И все же в одном не было сомнений: у меня напрочь исчезло желание знакомиться с изнанкой мобильной пехоты. Если здесь несчастливы даже наши боги – сержанты и офицеры, – то что уж говорить про Джонни? Как он избежит служебных ошибок, если понятия не имеет, в чем они состоят? Я не хочу быть повешенным за шею до самой-пресамой смерти. И перспектива быть выпоротым нисколько не привлекает, пусть даже рядом стоит врач и следит, чтобы кнут не причинил невосполнимого ущерба здоровью. В моей семье никогда никого не пороли, в школе, правда, мне доставались учительские затрещины, но это ведь совсем не одно и то же. В моем роду не было преступников ни с отцовской, ни с материнской стороны и даже к суду никто не привлекался. Мы семья гордая, и, хотя не обладаем полноценным гражданством, папа никогда не считал это серьезным недостатком. В суверенном избирательном праве, по его мнению, нет никакой чести и почета, это всего лишь суетный предрассудок. Но если меня высекут… папу запросто может хватить удар.

И ведь Хендрик не сделал ничего такого, о чем я сам не мечтал тысячу раз. Что же меня удержало? Должно быть, кроткий нрав. Инструкторы, все до одного, крепкие ребята, намять мне бока – для них задачка плевая. Потому-то я и держу роток на пуговке и не рыпаюсь. Да ты просто трус, Джонни. Вот у Теда хватило смелости… А трусу вообще нечего делать в армии.

И как быть с тем, что капитан Френкель даже не винил в случившемся Теда? Если я не посягну на 9080, где гарантия, что однажды я, сам о том не ведая, не нарушу какую-нибудь другую статью – и не окажусь возле столба? Не надо так рисковать, Джонни. Пора валить отсюда.

Мамино письмо всего лишь добавило мне решимости. Родители отвергли меня, и я заставил сердце очерстветь. Но теперь они переменили отношение ко мне, и я тоже не могу не смягчиться.

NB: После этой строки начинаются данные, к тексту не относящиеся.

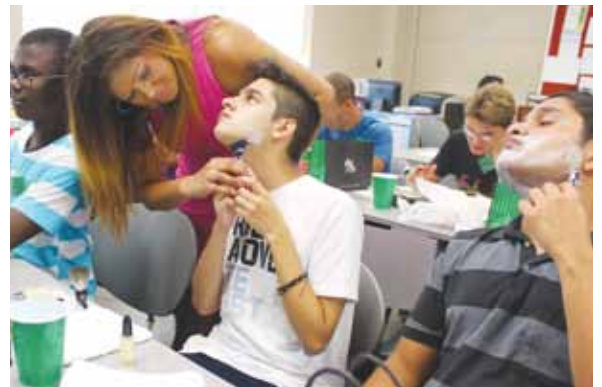
Pre-Employment Transition Program students get help from an Art of Shaving associate

Teenage boys in Miami Lighthouse's Pre-Employment Transition Program were visited by a group of shaving professionals from The Art of Shaving. The students were given individualized training on grooming where they learned and practiced several techniques that are used by professionals. Our teenage boys were thrilled to participate, and some even said it was their first time shaving. Afterwards, the students were each given a special Art of Shaving kit as a gift.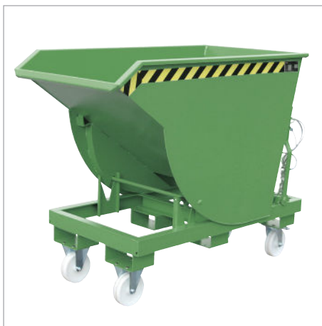
BKM with castors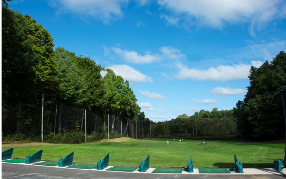
Figure 5: Country Club Driving Range Improvements

The Groton Country Club driving range (see Figure 1 ) benefits from major improvements including new poles and netting that allow any use of any club, new range mats, and a new range picking machine for improved ball retrieval. The Country Club request for $47,000 was approved at the 2015 spring Town Meeting.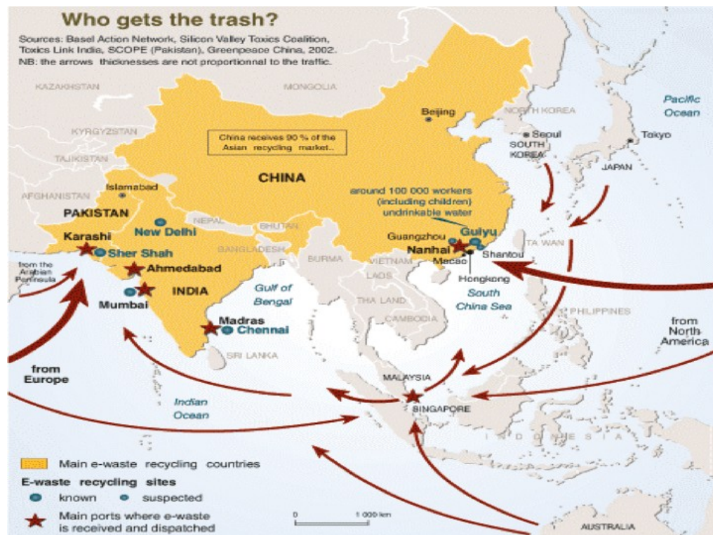
Figure 1 The routes of e-waste in Asia

Figure 1 is used to indicate main e-waste flows in Asia; however, no reliable data and figures available on how these transboundary e-waste routes are because currently the illegal and unregulated sector dominates the recycling industry in the industrializing countries (Widmer et al., 2005). As such, there are many obstacles revealed in safely and effectively processing electronic disposals.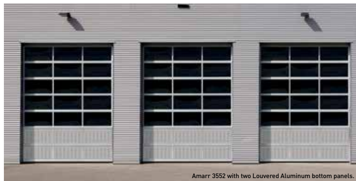
Amarr 3552 with two Louvered Aluminum bottom panels.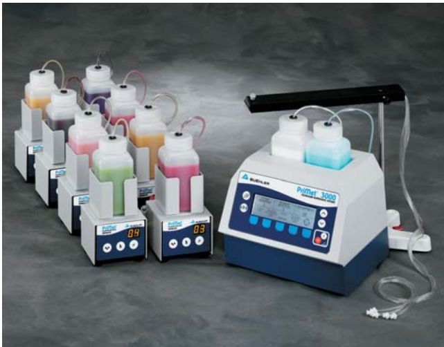
PriMet® 3000 Modular Dispensing System with PriMet® Modular Dispensing Satellites automatically dispense.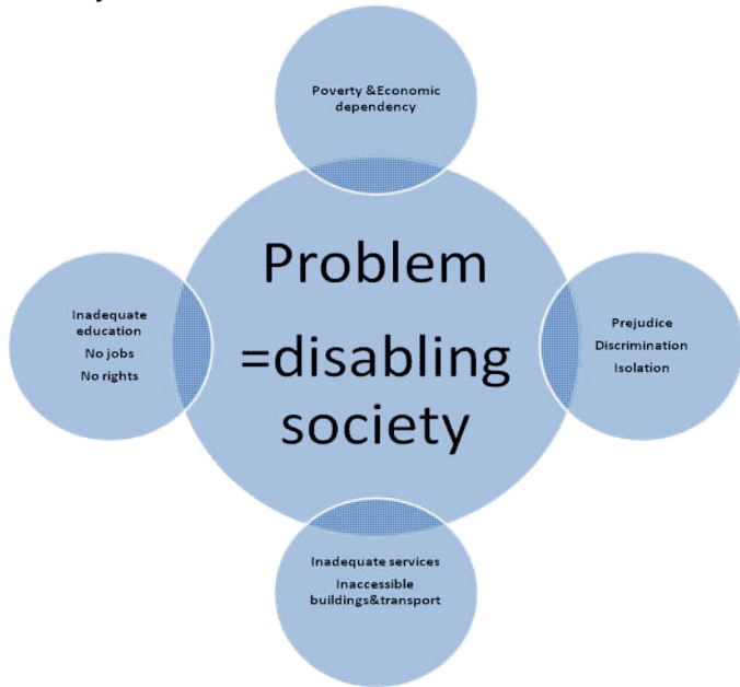
Figure 3. Social Model of disability

The management of these schools has however been taken over by the ministry of education. However the attitude of the society has remained negative towards disability and this has led to restrictions in the environment that hamper the progress of persons with disabilities as explained by the social model on disability.

Мама уж точно больше не сердится. Вот что она пишет:

…Я не могу скрывать от тебя, что отец все еще не позволяет произносить твое имя и не желает тебе писать. Но поверь, милый мальчик, это не со зла. Так проявляется его горе – он ведь не умеет плакать. Пожалуйста, не сомневайся, что папа любит тебя больше жизни. Он даже меня так сильно не любит. А ты нанес ему глубокую рану. Он всех убеждает, что ты уже взрослый, способен принимать самостоятельные решения, и он гордится тобой. Но это говорит его собственная гордость, его душевная боль, горькая обида на того, кто ему особенно дорог. Поверь, Хуанито, он не говорит о тебе и не пишет тебе, потому что не может… но эта боль обязательно утихнет, нужно лишь время. И когда я почувствую, что его сердце оттаяло, сразу же постараюсь вас помирить, и мы снова будем вместе.

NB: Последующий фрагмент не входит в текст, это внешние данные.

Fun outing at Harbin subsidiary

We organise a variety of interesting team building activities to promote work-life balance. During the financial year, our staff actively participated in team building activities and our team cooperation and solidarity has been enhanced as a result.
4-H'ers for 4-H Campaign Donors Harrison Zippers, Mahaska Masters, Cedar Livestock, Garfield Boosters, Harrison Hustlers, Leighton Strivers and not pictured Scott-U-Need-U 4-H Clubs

Что же сказать о себе? Разве может мать не простить родное дитя? Причинить мне боль ты в силах, но не в силах уменьшить мою любовь. И где бы ты ни оказался, какой бы ни выбрал путь, для меня ты остаешься мальчиком, который, рассадив коленку, прибегал за утешением в мои объятия. Руки мои усохли, а может, вырос ты, что мне кажется невозможным, – но это все те же ласковые руки, и они терпеливо ждут, когда снова понадобятся тебе. Мальчики взрослеют, но не перестают нуждаться в материнской ласке, правда же, сынок? Верю, что так и есть. Надеюсь, ты подтвердишь это, ответив на мое письмо.